El mapa de poder que se redibuja

La irrupción de Bullrich como actora autónoma dentro del oficialismo suma una variable de incertidumbre a un Gobierno que ya carga con la presión judicial sobre su jefe de Gabinete, las causas por el escándalo $Libra, las investigaciones en la Agencia Nacional de Discapacidad (ANDIS) y las denuncias por el uso del avión presidencial para traslados privados de la familia Adorni, entre otras causas abiertas.

En ese contexto, la consolidación de Bullrich como voz disruptiva dentro del oficialismo no es un dato menor.
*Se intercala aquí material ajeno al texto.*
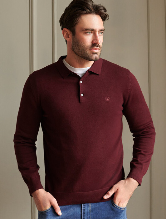 Заказать 22.03 Vilatte Джемпер-поло из хлопка с нейлоном U39.017 бургунди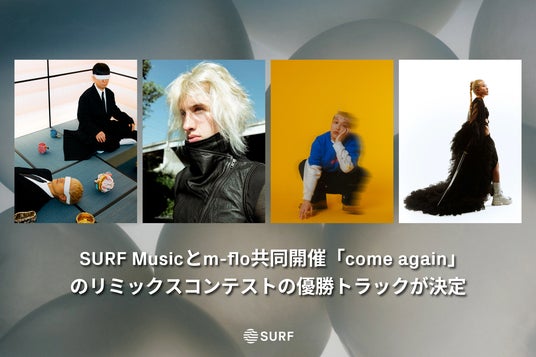 「Bringing Power Back to Music Creators(音楽のチカラをクリエイターに)」を掲げ、世界中の音楽クリエイターやレーベルなどのバイヤーが未発表楽曲を共有し、新たな才能の発掘とクリエイターの収益化を促進するデジタルマーケットプレイスの「SURF Music」が、m-floと共同開催した「come again」リミックスコンテストの優勝者がsennohに決定し、特別賞のSURF Select賞をAmiideとme-maiが受賞しました。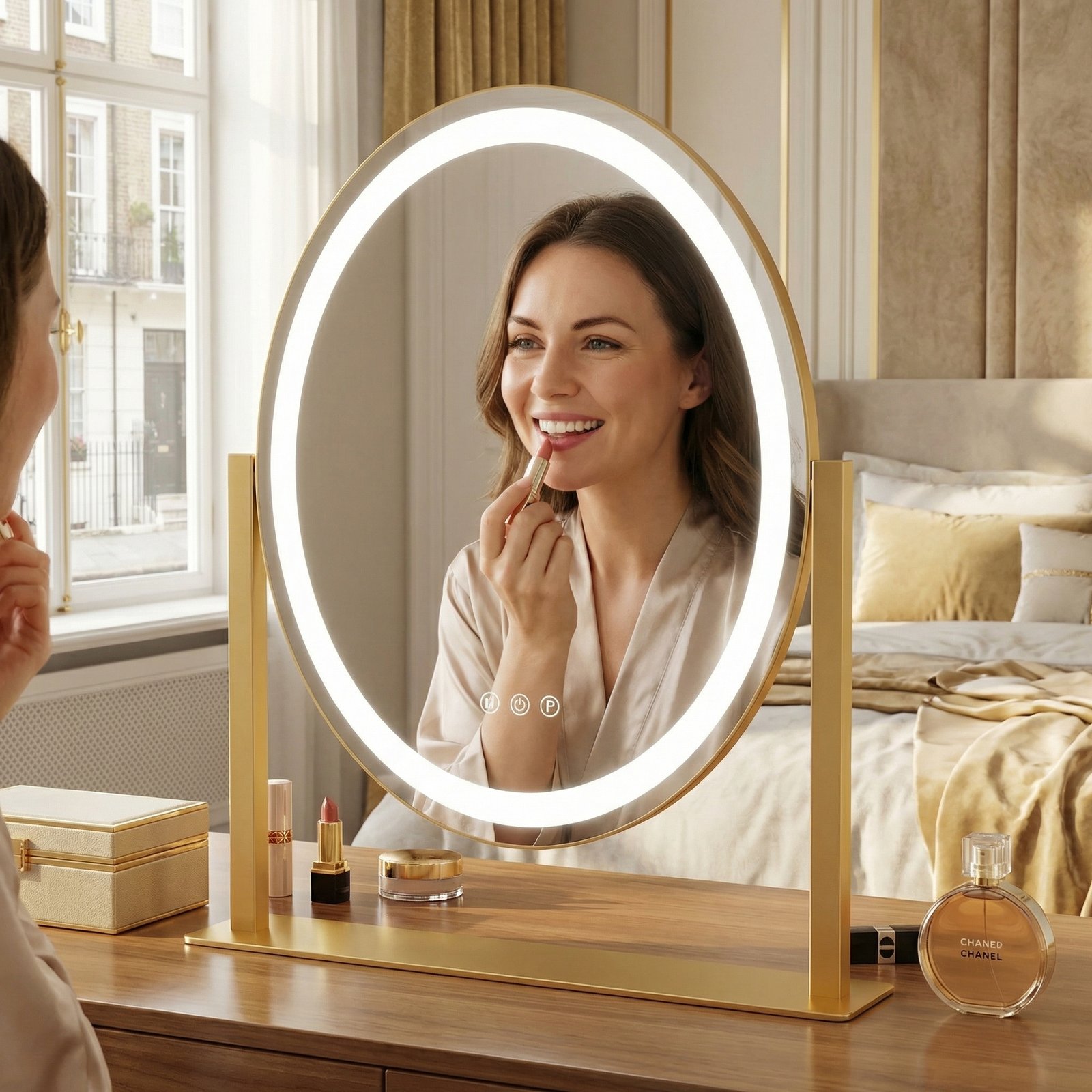 The Lumina Luxe LED Vanity Mirror transforms your daily beauty ritual into a professional experience. Featuring high-definition clarity and integrated LED lighting, this gold-finished metal mirror provides the perfect illumination for flawless makeup. Its sleek art-deco design fits perfectly on any dressing table, offering both functionality and a touch of modern luxury to your bedroom.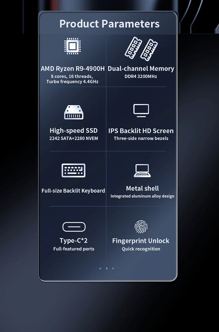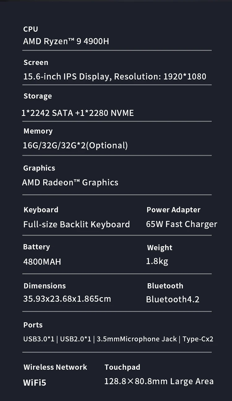 Genmachine Laptop AMD Ryzen™ 9 4900H 15,6 pulgadas LPDDR4 RAM M.2 NVME SSD computadoras portátiles para juegos de negocios computadora portátil Gráficos Radeon

Representa la primera fractura visible en la superficie de un Gobierno que apostó desde el inicio a la cohesión discursiva como escudo político, y que ahora enfrenta, desde adentro, la misma lógica de fragmentación que denunció en sus adversarios.

Puntos clave:

  • Bullrich presionó a Adorni para que presentara su declaración jurada patrimonial, en el marco de la investigación judicial por presunto enriquecimiento ilícito.
  • El patrimonio de Adorni bajo sospecha supera los 840.000 dólares, según consta en la causa que instruye el juez Lijo.
  • El presidente Milei reafirmó a Adorni en el cargo durante la reunión de Gabinete del viernes.
  • Bullrich y sus aliados legislativos trabajan para levantar su perfil público aunque eso contraríe la voluntad de los Milei.
  • Los primos Menem y los ministros Santilli y Mahiques ganan terreno en el entorno de Karina Milei, mientras Adorni queda algo relegado.